What you need to do.
Please restate the records that follow exactly, skipping their images.

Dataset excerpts
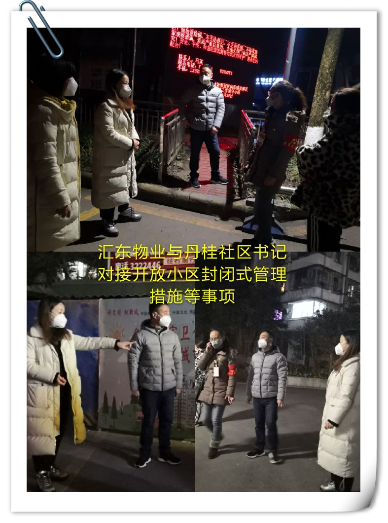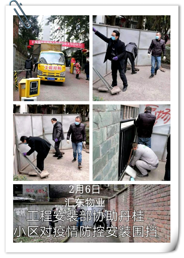 面对疫情,汇东物业迎难而上,做到疫情防控与物管服务“两不误”,全司所辖的25个小区1000 余名工作人员牺牲春节假期不畏严寒坚守岗位,千方百计克服防疫物资不足、工作任务繁重、防护风险大等各种困难,坚决落实“人员排查一个不漏”、“环境消杀一个不落”、“封闭管理一个不缺”等防控要求,充分发挥“红色物业”优势,努力践行国企责任,积极守护业主们的健康防线。
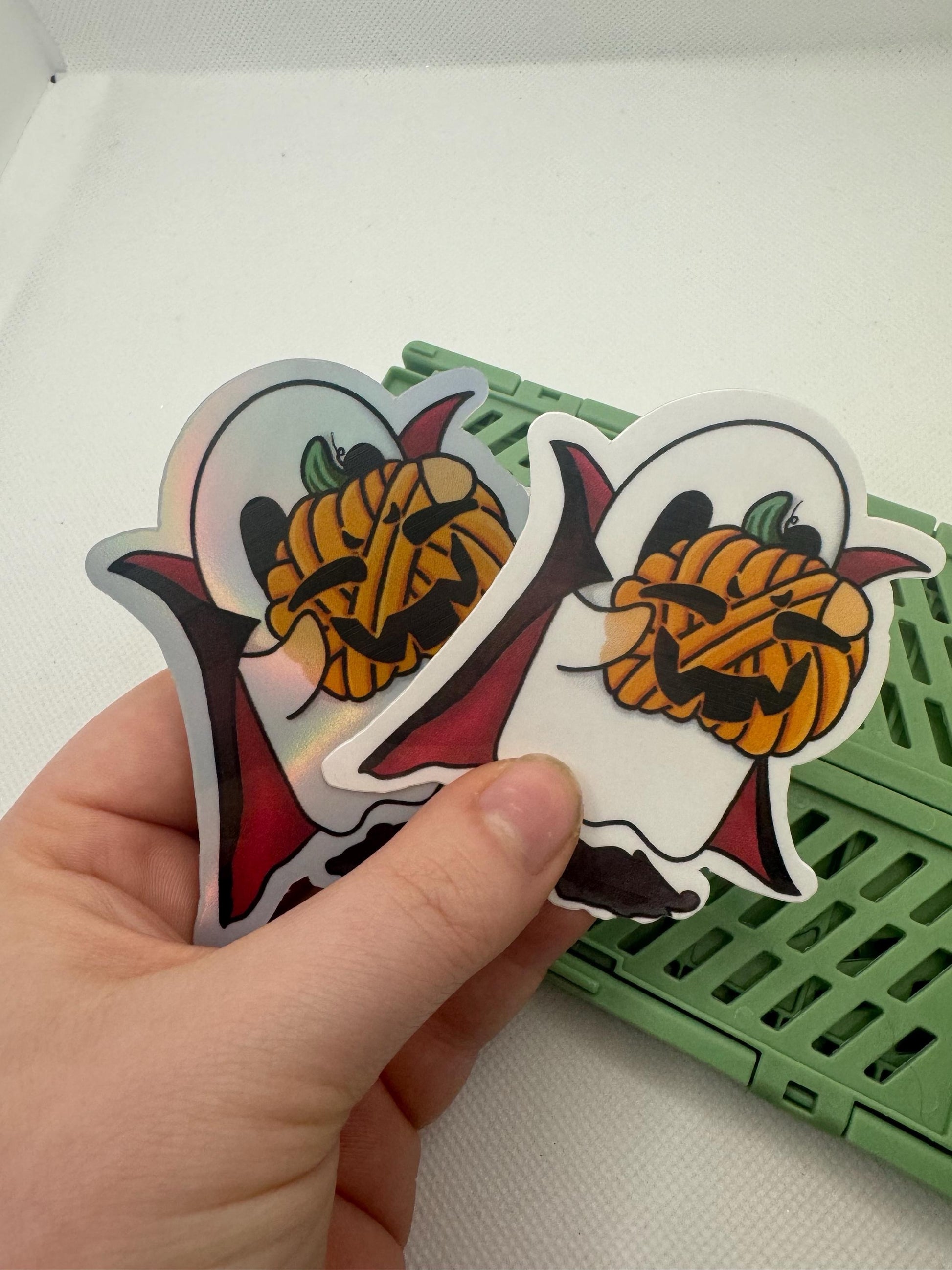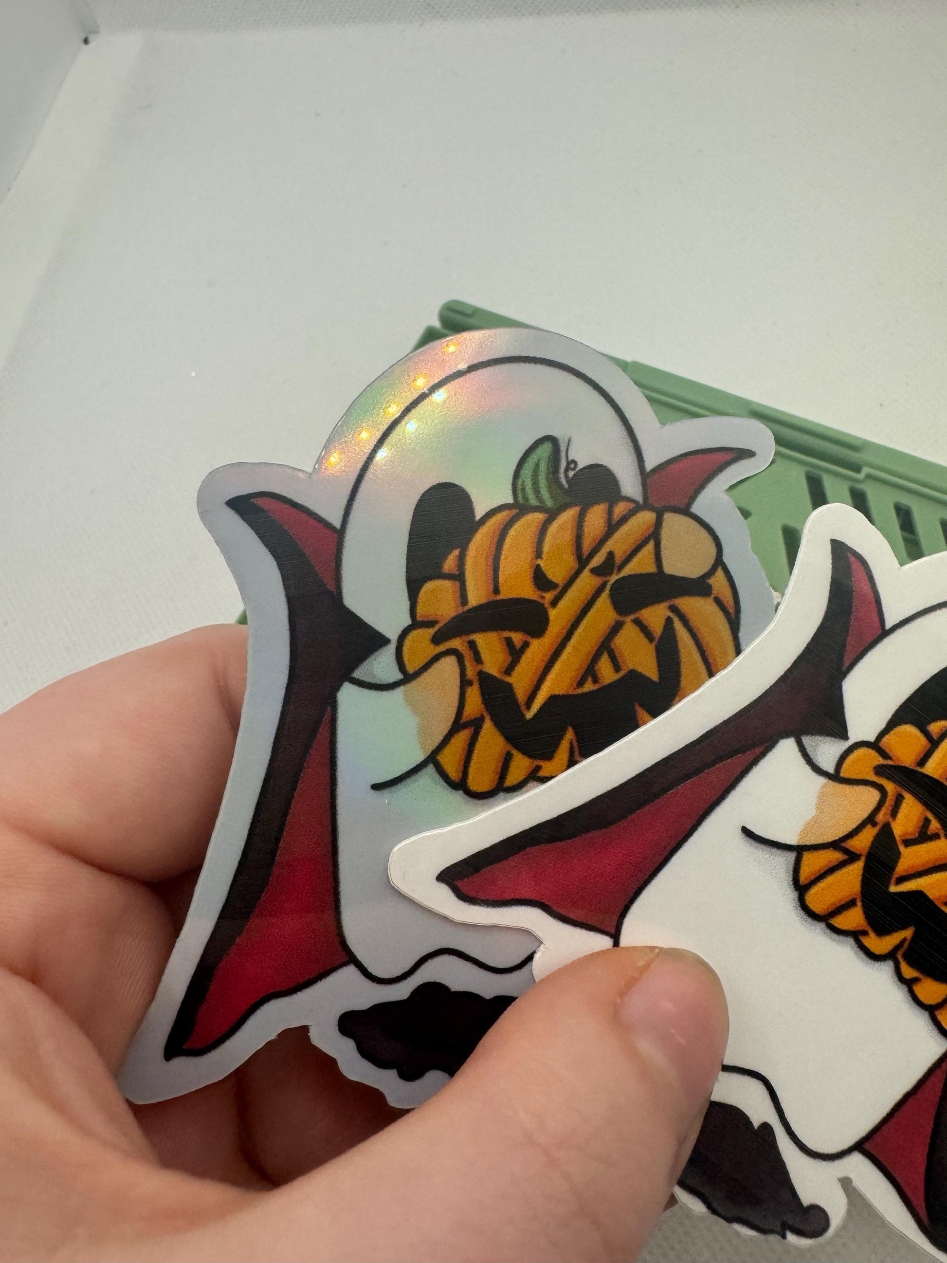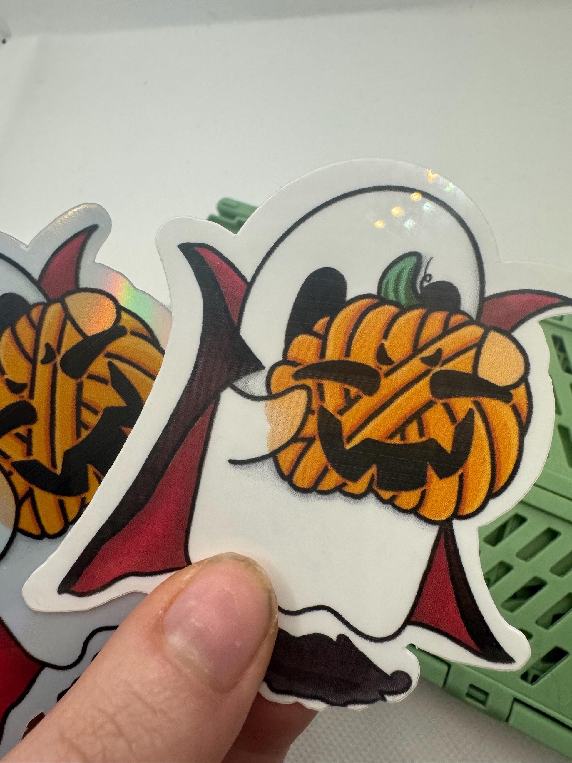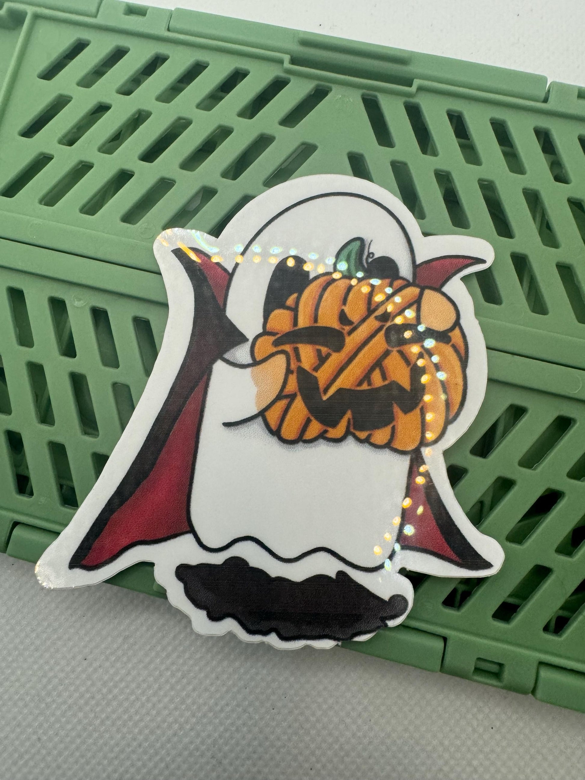 This sticker shows my ghost dressed as a vampire, holding a carved yarn pumpkin! It comes in 4 finishes: white glossy, rainbow holographic, cracked glass holographic, or glow in the dark!
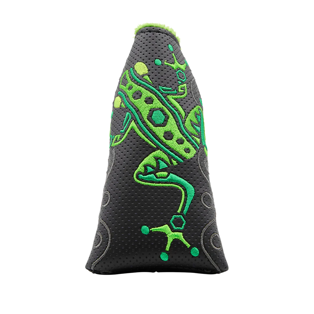 Start off the 2025 golf season with Robert J. Bettinardi's first Limited Run putter of the year! This Tiki masterpiece is crafted from 303 Stainless Steel in the iconic BB1 Slant Neck head shape, featuring a one-piece milled slanted plumber's neck and a floating ghost face accented with intricate Tribal design. Its stunning Black PVD finish is highlighted by a Tribal Tree Frog design on the sole with green and yellow accents. Weighing in at 360-grams, this precision-milled BB1 offers 1/2 toe hang and comes complete with a black and neon green Lamkin Deep Etched Smooth Pistol grip and a custom Tribal Tree Frog magnetic headcover.
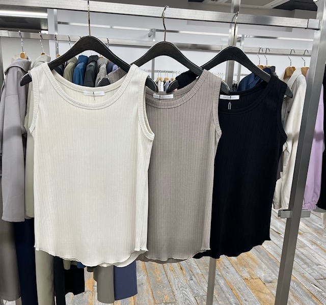 ランダムリブタンクトップ ¥2700+tax とろみ感のあるランダムリブのタンクトップがなんと2700円+tax💕💕💕 破格です😆 体のラインを拾いにくく、サラッと着られて、襟ぐりも、アーム周りも絶妙な一枚⭐️⭐️⭐️ オフ、グレージュ、モスグリーン、ブラックの4カラー ※お写真は、オフ、グレージュ、ブラックの3カラーとなっております サイズ38 ポリエステル95ポリウレタン5 着丈61 2023年2月18日
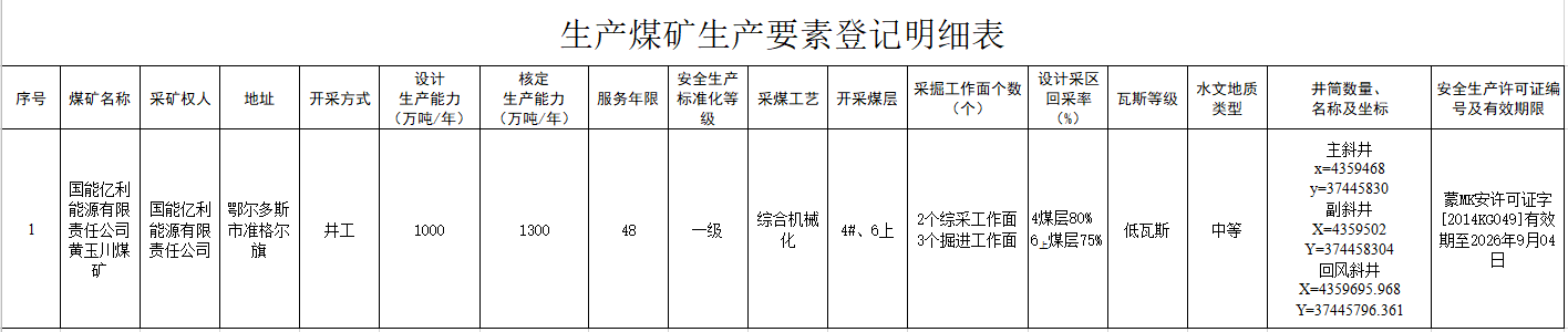 国能亿利能源有限责任公司黄玉川煤矿为产能核增煤矿,核定生产能力1300万吨/年(原生产能力1000万吨/年),该矿已完成化解过剩产能任务并取得1300万吨/年环境影响报告书批复。按照《国家能源局关于完善煤矿产能登记公告制度开展建设煤矿产能公告工作的通知》(国能发煤炭〔2017〕17号)、《生态环境部 国家发展改革委 国家能源局关于进一步加强煤炭资源开发环境影响评价管理的通知》(环环评〔2020〕63号)等文件要求,现对该矿生产能力等相关要素信息予以公告。

Solution for this exercise.
 面对疫情,汇东物业迎难而上,做到疫情防控与物管服务“两不误”,全司所辖的25个小区1000 余名工作人员牺牲春节假期不畏严寒坚守岗位,千方百计克服防疫物资不足、工作任务繁重、防护风险大等各种困难,坚决落实“人员排查一个不漏”、“环境消杀一个不落”、“封闭管理一个不缺”等防控要求,充分发挥“红色物业”优势,努力践行国企责任,积极守护业主们的健康防线。
 This sticker shows my ghost dressed as a vampire, holding a carved yarn pumpkin! It comes in 4 finishes: white glossy, rainbow holographic, cracked glass holographic, or glow in the dark!
 Start off the 2025 golf season with Robert J. Bettinardi's first Limited Run putter of the year! This Tiki masterpiece is crafted from 303 Stainless Steel in the iconic BB1 Slant Neck head shape, featuring a one-piece milled slanted plumber's neck and a floating ghost face accented with intricate Tribal design. Its stunning Black PVD finish is highlighted by a Tribal Tree Frog design on the sole with green and yellow accents. Weighing in at 360-grams, this precision-milled BB1 offers 1/2 toe hang and comes complete with a black and neon green Lamkin Deep Etched Smooth Pistol grip and a custom Tribal Tree Frog magnetic headcover.
 ランダムリブタンクトップ ¥2700+tax とろみ感のあるランダムリブのタンクトップがなんと2700円+tax💕💕💕 破格です😆 体のラインを拾いにくく、サラッと着られて、襟ぐりも、アーム周りも絶妙な一枚⭐️⭐️⭐️ オフ、グレージュ、モスグリーン、ブラックの4カラー ※お写真は、オフ、グレージュ、ブラックの3カラーとなっております サイズ38 ポリエステル95ポリウレタン5 着丈61 2023年2月18日
 国能亿利能源有限责任公司黄玉川煤矿为产能核增煤矿,核定生产能力1300万吨/年(原生产能力1000万吨/年),该矿已完成化解过剩产能任务并取得1300万吨/年环境影响报告书批复。按照《国家能源局关于完善煤矿产能登记公告制度开展建设煤矿产能公告工作的通知》(国能发煤炭〔2017〕17号)、《生态环境部 国家发展改革委 国家能源局关于进一步加强煤炭资源开发环境影响评价管理的通知》(环环评〔2020〕63号)等文件要求,现对该矿生产能力等相关要素信息予以公告。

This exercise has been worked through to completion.